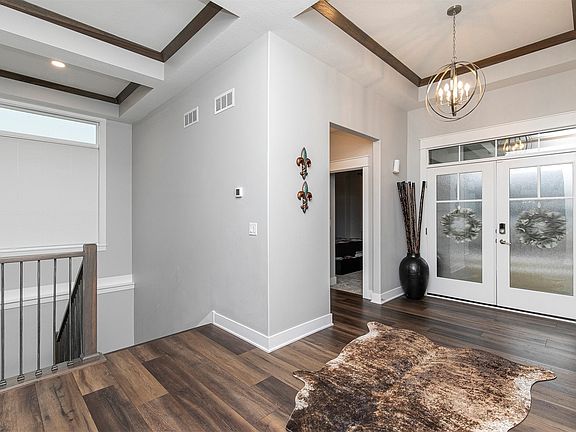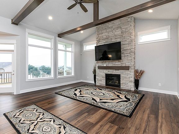 Beautiful near new ranch style home with upgrades such as a security system, Ecowater water softener and purification system, and Samsung smart refrigerator all included in the sale. This three year old home has double front entry doors with a wide foyer/hallway to invite guests, a large living room with wood beam ceiling, floor to ceiling stone fireplace, and large picture windows providing plenty of light while entertaining. The living room opens to the kitchen which contains plenty of storage, quartz counter space, stainless steel appliances, and a large pantry. The master suite contains a bathroom with a double vanity and large tile shower, and walk-in closet with a pass through to the laundry room and mud room which contains a bench seat/coat rack. The main level contains another bedroom and bathroom near the front of the home. The walkout lower level is finished with a large family room which contains a wet bar and game area, two additional bedrooms and bathroom, a large unfinished flex room which could be a 5th bedroom, and utility room. Ecowater system comes with three years remaining on free detergent, soap, and shampoo. Washer, dryer, and basement refrigerator are reserved.
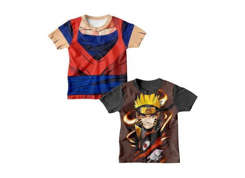 Kit 2 Camiseta Infantil Menino Fantasia Goku Dragon Ball e Naruto Ship
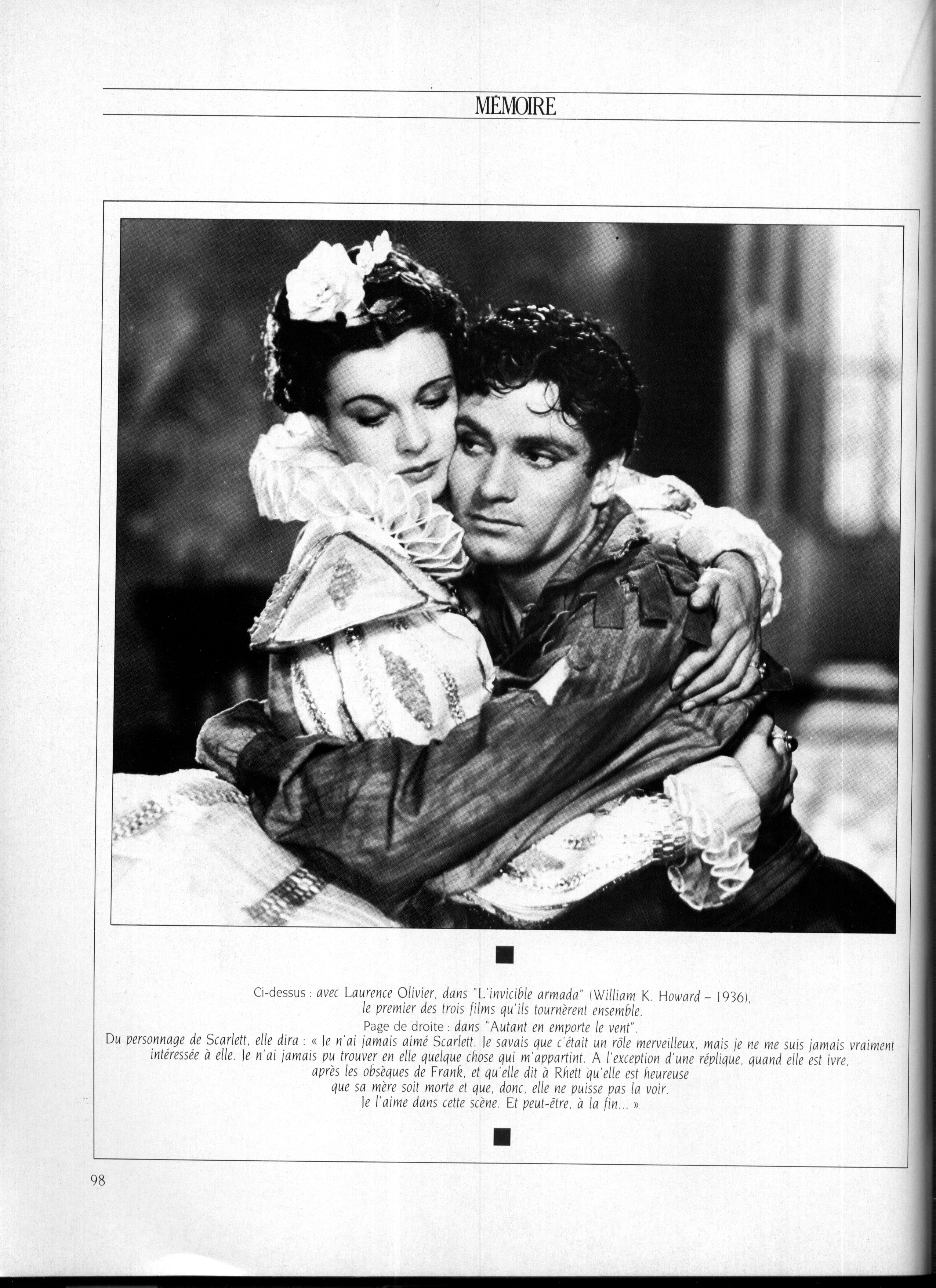 In 2006 de Havilland responded to claims of Leigh's manic behaviour during filming Gone with the Wind, published in a biography of Laurence Olivier. She defended Leigh, saying, "Vivien was impeccably professional, impeccably disciplined on Gone with the Wind. She had two great concerns: doing her best work in an extremely difficult role and being separated from Larry [Olivier], who was in New York."
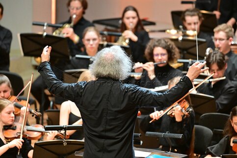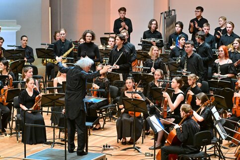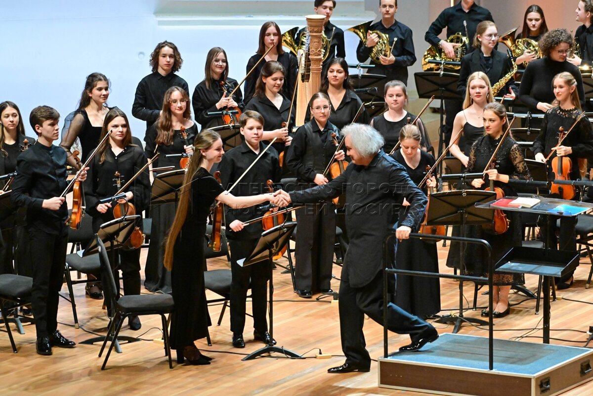 Художественный руководитель оркестра «Гнесинские виртуозы», дирижер Михаил Хохлов и оркестр «Гнесинские виртуозы» во время выступления с новой концертной программой, посвященной 80-летию Победы в Великой Отечественной войне, в концертном зале имени Чайковского.
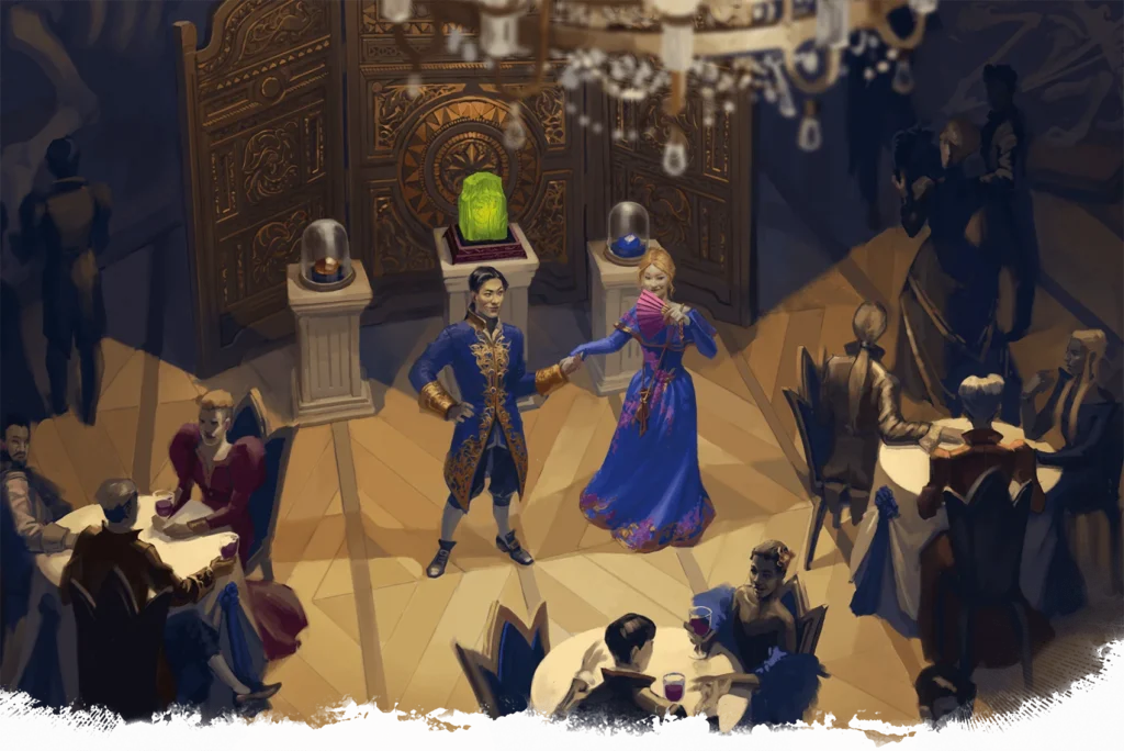 All’interno, al banco informazioni, un draconide accoglie il gruppo. Un halfling si avvicina in silenzio e consegna una pergamena. Alla lettura del nome di Cassee Dannell, l’atteggiamento del personale cambia: la studiosa non è più ospite gradita, e le guardie vengono allertate.

···

> Task brief: Starting at the line that holds "In 2006 de Havilland", write out every remaining line of the material above exactly as it appears. Pictures should not be copied.

> Task response:
 In 2006 de Havilland responded to claims of Leigh's manic behaviour during filming Gone with the Wind, published in a biography of Laurence Olivier. She defended Leigh, saying, "Vivien was impeccably professional, impeccably disciplined on Gone with the Wind. She had two great concerns: doing her best work in an extremely difficult role and being separated from Larry [Olivier], who was in New York."
 Художественный руководитель оркестра «Гнесинские виртуозы», дирижер Михаил Хохлов и оркестр «Гнесинские виртуозы» во время выступления с новой концертной программой, посвященной 80-летию Победы в Великой Отечественной войне, в концертном зале имени Чайковского.
 All’interno, al banco informazioni, un draconide accoglie il gruppo. Un halfling si avvicina in silenzio e consegna una pergamena. Alla lettura del nome di Cassee Dannell, l’atteggiamento del personale cambia: la studiosa non è più ospite gradita, e le guardie vengono allertate.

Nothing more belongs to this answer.